Au point de départ, nous ne sommes pas des animaux rationnels, ou des « acteurs rationnels » comme une vision dépassée de l’économie l’a longtemps défendu. Notre cerveau, parce qu’il suit la loi du moindre effort, va presque toujours privilégier la solution la plus simple, la décision la plus rapide, plutôt que de soupeser les avantages et les inconvénients. Ce qui nous met à la merci d’une habile stratégie de désinformation qui jonglerait avec nos émotions.

Mais ça nous met aussi à la merci d’une forme de « manipulation bienveillante », et c’est ce qu’a théorisé dans les années 1980 et 1990 l’économiste Richard Thaler, de l’Université de Chicago, Nobel d’économie 2017. En compagnie du juriste Cass Sunstein, il a fait connaître au grand public cette théorie du « coup de pouce » (en anglais, nudge) en 2008 dans l’ouvrage Nudge: Improving Decisions About Health, Wealth and Happiness.

L’idée derrière cette « manipulation bienveillante » est de transmettre aux gens une information qui les amènera à se poser eux-mêmes des questions, avant de prendre une décision. Par exemple:

  • on leur communique la consommation moyenne d’électricité dans leur quartier, dans l’espoir d’amener les plus énergivores à réduire leur consommation. Alors que la vision classique de l’économie aurait plutôt été d’expliquer à ces gens comment réduire leur consommation, et combien d’argent, ils économiseraient s’ils le faisaient;

  • ou bien on place les aliments différemment dans les allées du supermarché pour amener les gens à acheter davantage d’aliments « santé » — même s’ils sont un peu plus coûteux;

  • ou encore, on amène des salariés à placer davantage d’argent dans leur fonds de retraite si on les enrôle automatiquement dans le système (en leur laissant la possibilité d’en sortir à tout moment), plutôt que de leur laisser déposer la somme de leur choix chaque année.

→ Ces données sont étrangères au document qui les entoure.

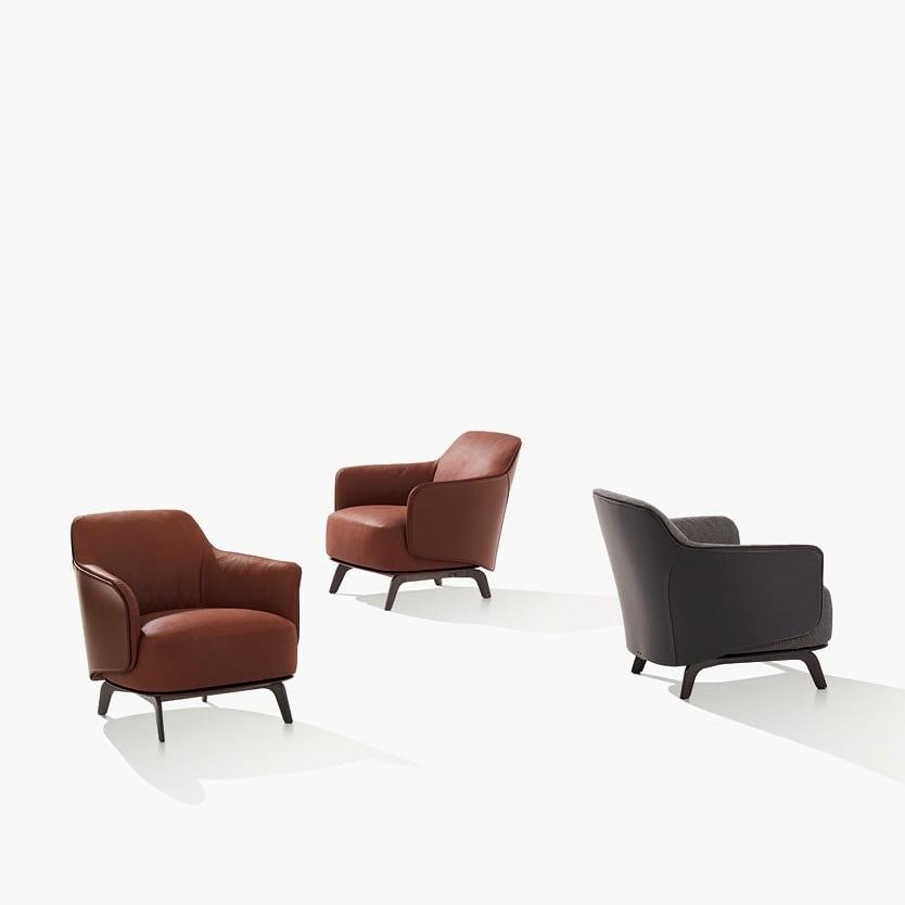 This armchair has elegant lines and a very delicate appearance, consisting of two perfectly combined shells: a leather outer wrap and an interior filled with soft padding and wrapped in fabric or leather. Strive for the best comfort of the chair surface that is visible.
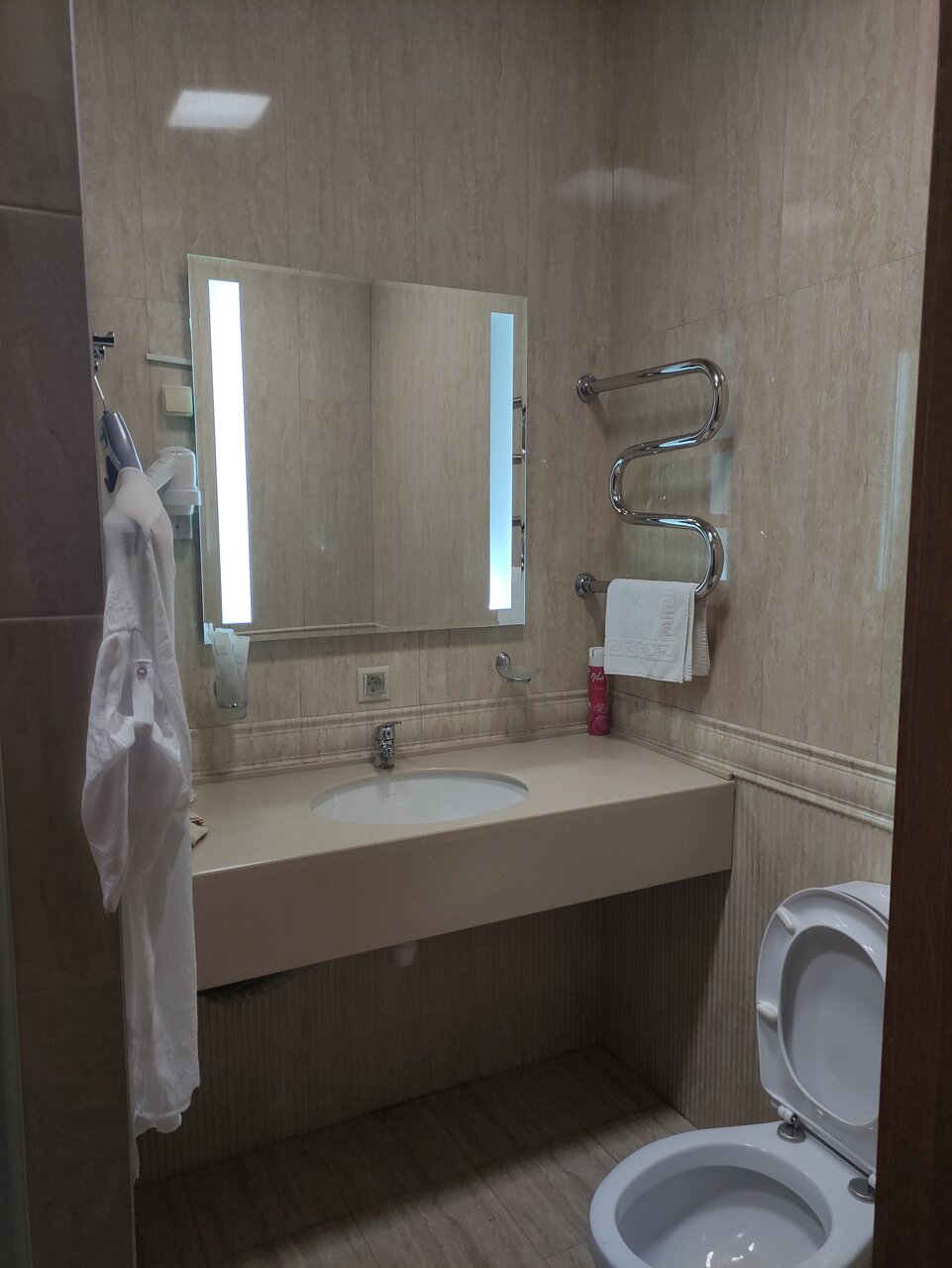 Не понравилось. Номер брали не самый дешевый, но и это не спасло от неприятностей. Не работал сливной бачок. Вернее работал , но так, что вода бежала без остановки все время нашего там пребывания и шум мешал спать нам с ребенком. Сказали при заселении, что другого номера нет , можем вернуть деньги. У нас был поздний заезд и искать где то другую гостиницу с ребенком в ночи нн решилась. Завтраки скудные , в помещении столовой холод собачий
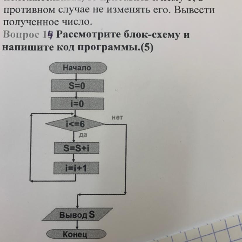 while i <= 6 означает пока переменная i меньше или равна 6. В цикле прибавляем к S i, а к i 1.
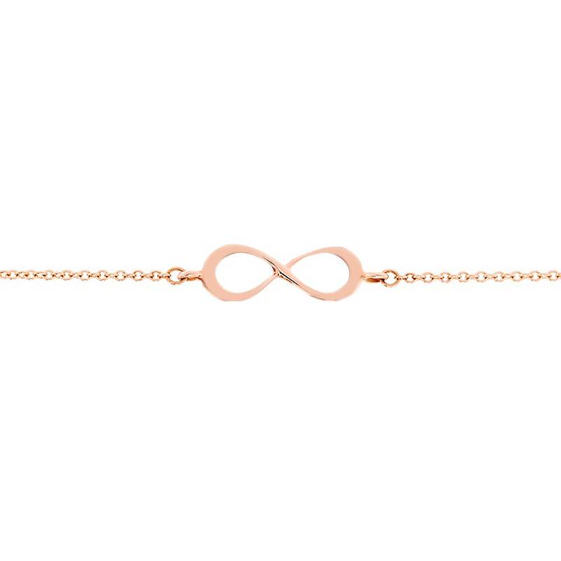 En ce qui concerne les dimensions de ce bracelet, elles sont les suivantes. Sa longueur est de 18,50 cm pour une épaisseur de chaine de 0,55 mm. Elle se ferme avec un mousqueton. Quant au signe infini, il mesure 6 x 13 mm. Le poids total de ce bijou est d'1,15 gramme.
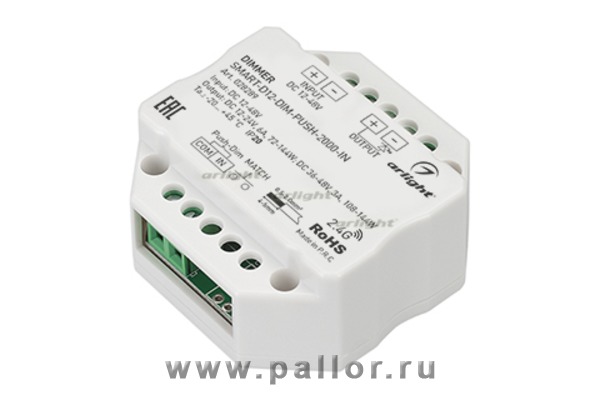 Описание Диммер SMART-D12-DIM-PUSH-2000-IN (12-48V, 1x6A, 2.4G) (Arlight, IP20 Пластик, 5 лет)
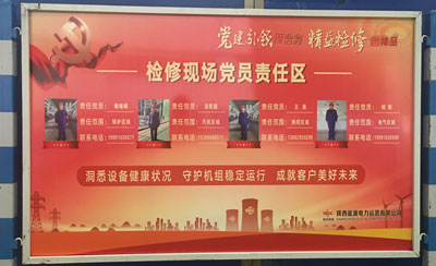 “發(fā)揮黨員模范帶頭作用,以身作則按期完成檢修任務!”一塊塊鮮紅的“黨員責任區(qū)”和“黨員承諾”展板,真正使黨員身份亮出來、作用顯出來、形象立起來。
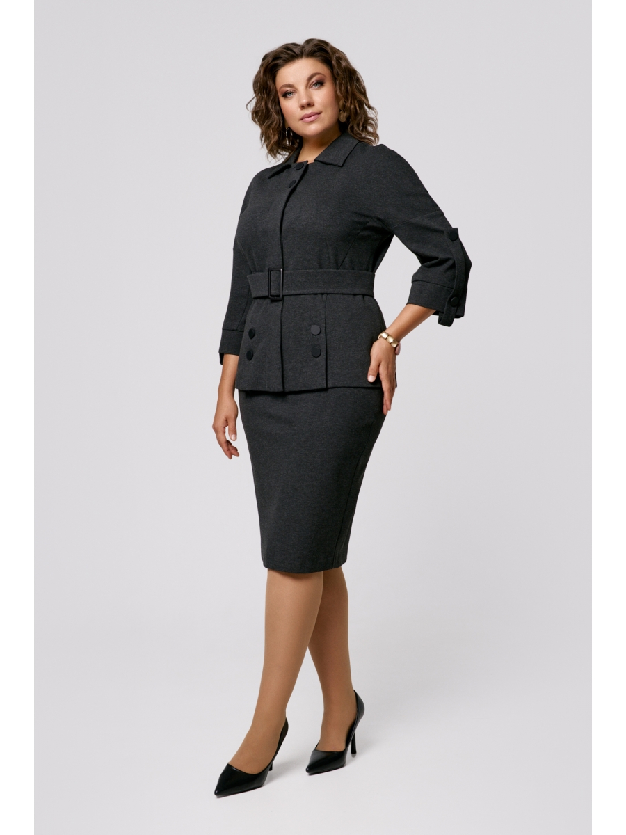 Жакет без подкладки со спущенной линией плеча и манжетами с декоративными патами; по переду декоративные шлицы, в боковых швах функциональные карманы, воротник рубашечный, застежка потайная на петли и пуговицы. В комплекте съемный пояс из основной ткани.
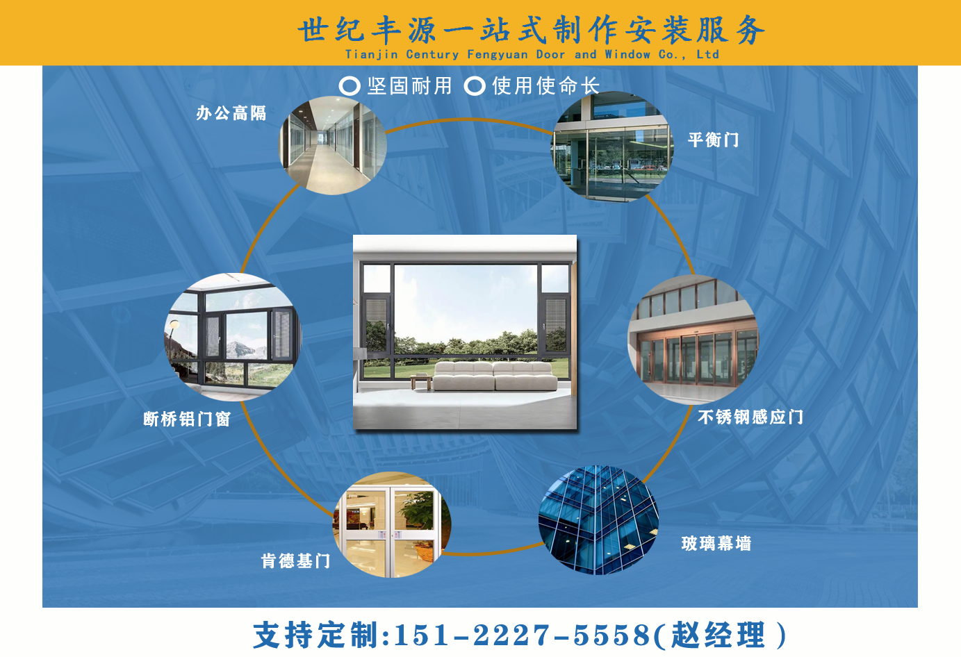 天津世紀(jì)豐源門(mén)窗有限公司從事斷橋鋁門(mén)窗,玻璃幕墻,平衡門(mén),肯德基門(mén),不銹鋼感應(yīng)門(mén),百葉窗,辦公高隔,制作安裝一站式訂制生產(chǎn)及配套服務(wù)等?! 」咀猿闪⒁詠?lái),始終堅(jiān)持以人才為本、誠(chéng)信立業(yè)的經(jīng)營(yíng)原則,薈萃業(yè)界精英,成熟的技術(shù)、管理方法及企業(yè)經(jīng)驗(yàn)與國(guó)內(nèi)企業(yè)的具體實(shí)際相結(jié)合,為企業(yè)供給各個(gè)方面的解決方案,使企業(yè)在激烈的市場(chǎng)競(jìng)爭(zhēng)中始終堅(jiān)持競(jìng)爭(zhēng)力,實(shí)現(xiàn)企業(yè)快速、穩(wěn)定地發(fā)展?! ≠|(zhì)量好、服務(wù)好、才能信譽(yù)好,公司已在諸多領(lǐng)域取得輝煌成績(jī),愿意成為您可信賴(lài)的長(zhǎng)期合作伙伴?! ∽屛覀償y手同行,共同實(shí)現(xiàn)“讓普通老百姓都用得上高端門(mén)窗”...
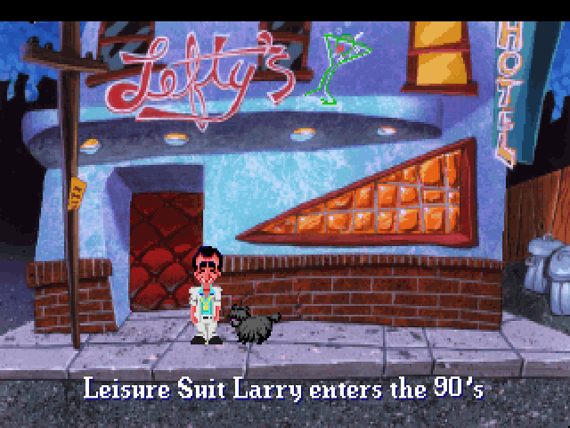 Leisure Suit Larry in the Land of the Lounge Lizards is a point-and-click adventure video game released in 1987 by Sierra On-Line, later re-released in 1991. Designed by Al Lowe, the game is recognized for its humor and adult theme, centered around the protagonist, Larry Laffer, a middle-aged man in leisurewear on a quest to lose his virginity in the city of Lost Wages.
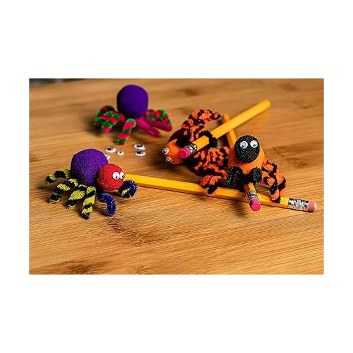 Material de alta calidad: cada pompón está hecho con material seguro y no tóxico de la más alta calidad que durará más tiempo sin decolorarse el color con el tiempo. Los ojos saltones son autoadhesivos, fáciles de despegar y pegar.
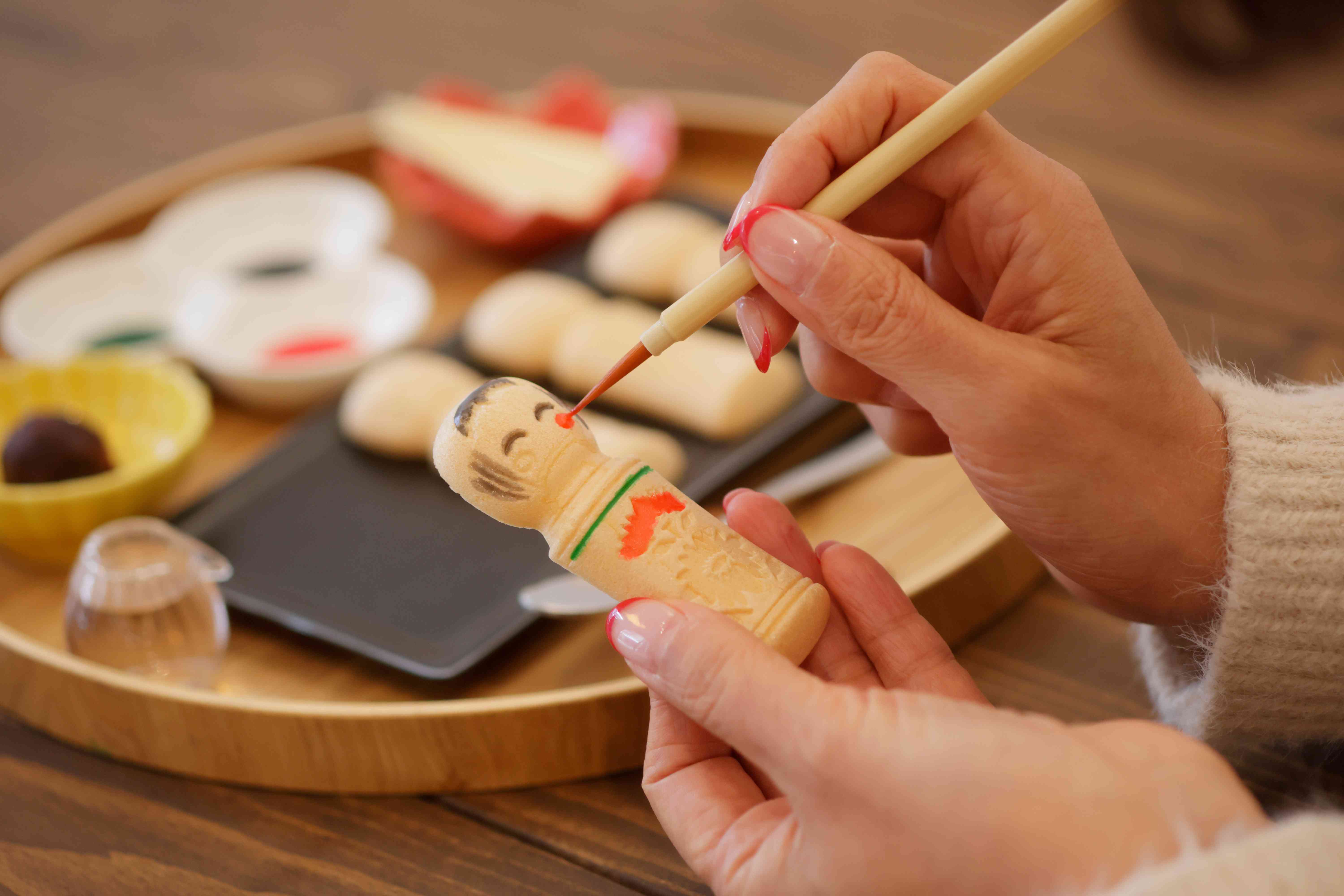 店内のイートインスペースを利用して、こけしの形をした最中に絵付け体験が楽しめます。絵付けをした最中には、餡・栗・アイスなどの具材も入れられます。
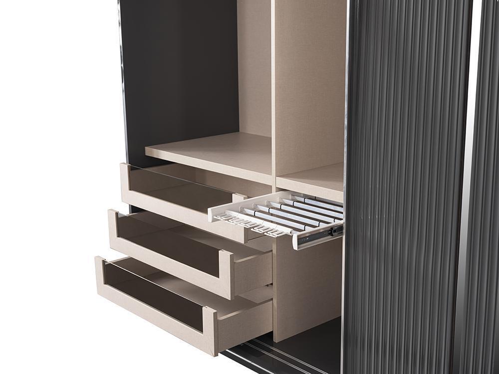 Mots-clés : Ensemble complet de chambre à coucher, lit double, tables de chevet, armoire de luxe
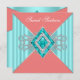 Diamond Turquoise Coral Sweet 16 Birthday Party Invitation
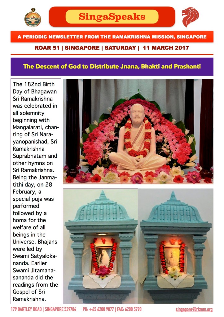 Roar 51 details the Birthday Celebration of Bhagawan Sri Ramakrishna with chantings, Readings, lectures and Homa. With a few pictures…

Comme on a pu lire lundi après l’annonce du prestigieux prix, tout ceci repose sur un pont jeté entre l’économie et la psychologie des comportements — au point où il existe à présent une branche de l’économie appelée « l’économie comportementale », dont Thaler fut l’un des pionniers. Mais au-delà de la psychologie, tout ceci repose aussi sur la neurologie et ce qu’elle nous a appris du fonctionnement de notre cerveau. Ainsi, une façon de vulgariser ce fonctionnement, souvent utilisée depuis les années 2000, parle du « cerveau lent » contre le « cerveau rapide ». Un autre économiste nobélisé, Daniel Kahneman, que Richard Thaler a cité en modèle, a popularisé cette façon de voir notre cerveau et, du coup, cette façon de voir un large pan de nos comportements quotidiens:

  • le cerveau lent est celui qui réfléchit avant de prendre une décision, qui soupèse le pour et le contre;

  • le cerveau rapide est celui qui réagit au quart de tour, qui décide sur la base d’une émotion, qui agit sans que nous en soyons toujours conscients.

Le cerveau rapide est constamment actif. Tandis que le cerveau lent demande un effort. Et c’est la raison pour laquelle nous sommes des animaux beaucoup moins rationnels que les économistes ne le prétendaient : c’est notre cerveau rapide qui domine notre vie de tous les jours.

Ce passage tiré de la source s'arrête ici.